The nation's largest school district is studying whether to proceed with the Web site and online service as a way to provide more technology to its students. A task force suggested last spring that the district buy laptop computers for its students, starting with its 87,000 4th graders. ("Denver, New York Seek Online Revenue," May 10, 2000.)

Commercial-Free Zone

The Andersen study recommends that the board create a revenue-generating education "portal"— a Web site designed to provide users with pertinent information while also serving as their starting point for navigating the Internet. The portal would be divided into a commercial-free education zone and a commercial zone, which would likely include advertising and online shopping, targeted to the educational needs of adults and families.

If the district became an Internet- service provider, meanwhile, all of its 1.1 million students and their families could have access to the Web from home—possibly for free.

The Andersen study describes several broad ways the portal and Internet service could raise money:

  • Commercial Web portals could pay to affiliate with a Web portal that has a vast number of the city's students and their families as loyal users.
  • Advertisers and online retailers could pay for access to users.
  • The district's formula for creating an Internet portal could be "packaged" and sold to other school districts.

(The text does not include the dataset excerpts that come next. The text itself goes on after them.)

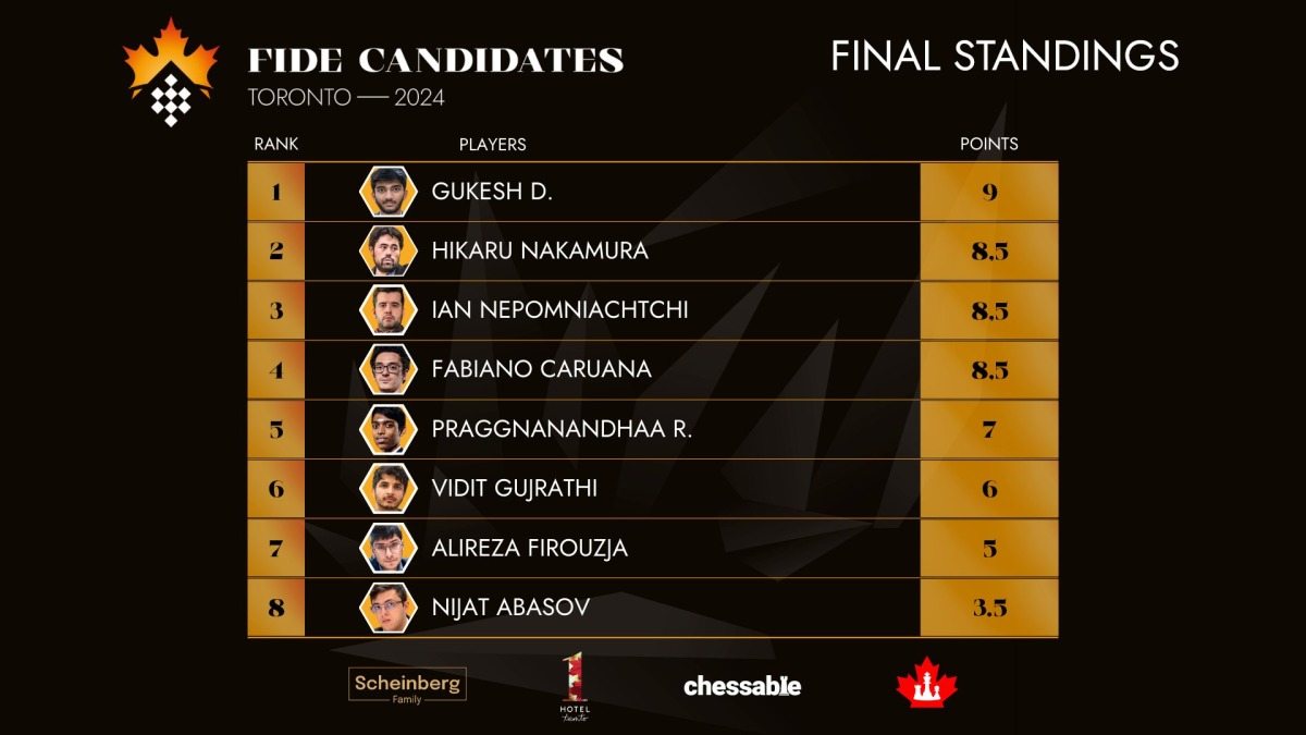 Doha, Qatar: Four players were vying for the top spot at the FIDE Candidates Tournament and the 17-year-old Indian prodigy Gukesh D emerged victorious in Toronto.
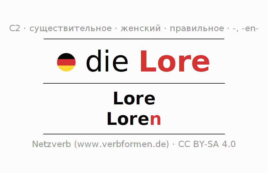 - Единственное число: die Lore, der Lore, der Lore, die Lore
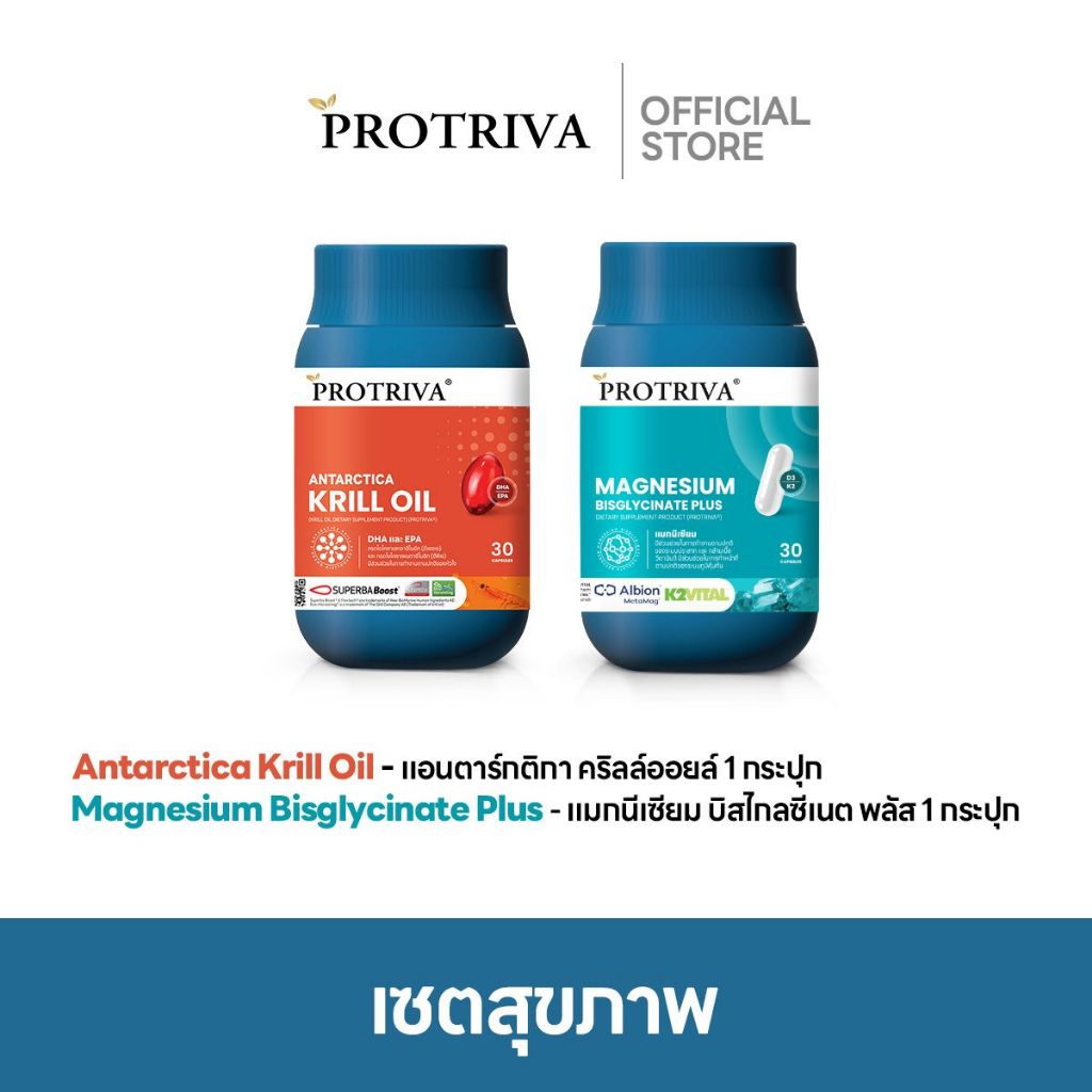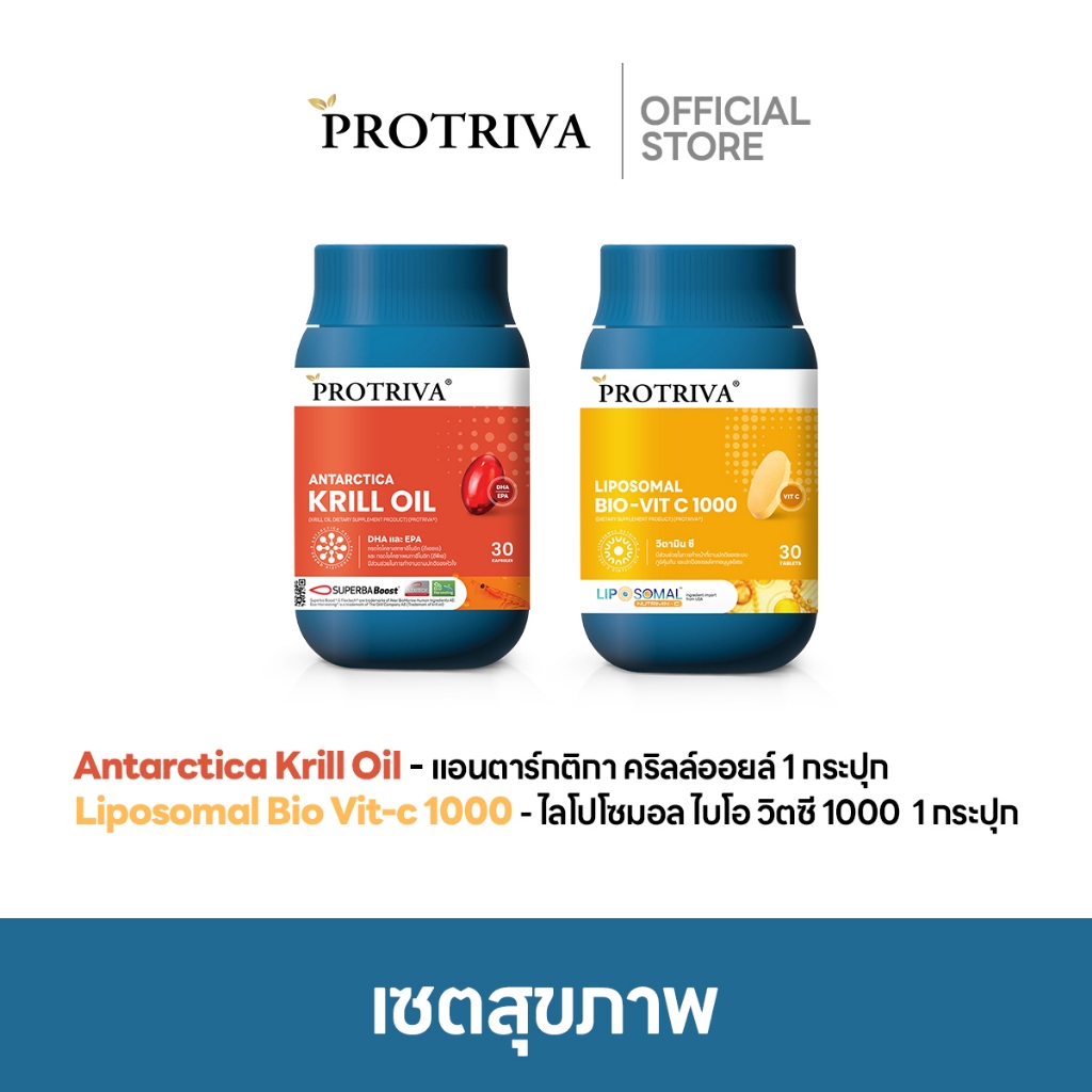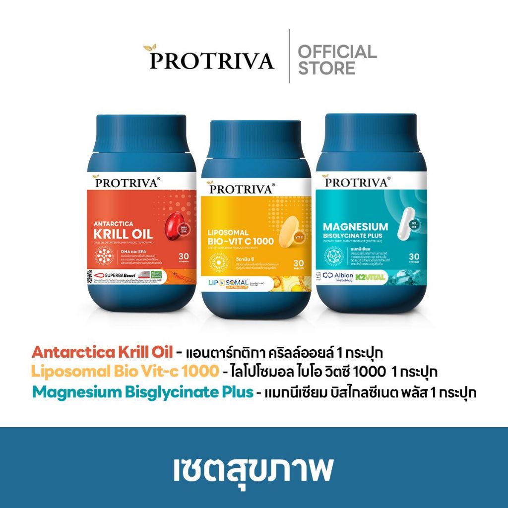 เซตสุขภาพ Protriva Krill Oil + Liposomal Bio-Vit C 1000 + Magnesium Bisglycinate Plus เสริมภูมิคุ้มกัน หลับลึก ผ่อนคลาย

The concept of a portal and Internet service has provoked considerable opposition. Critics say such a venture would subject students to advertising under district auspices and pose online threats to their privacy.

Last spring, however, the board said that, in any board-sanctioned Internet project, children's educational experiences would remain commercial-free; personal information on students would not be collected for commercial purposes; filtering software and services would restrict access to inappropriate online content; and parents' consent would be required for children's participation.

"The critics who have attacked the advertising don't understand the technology enough to realize that advertising in front of students does not have to be part of the equation," said Andrew C. Rasiej, a member of the committee advising the school board.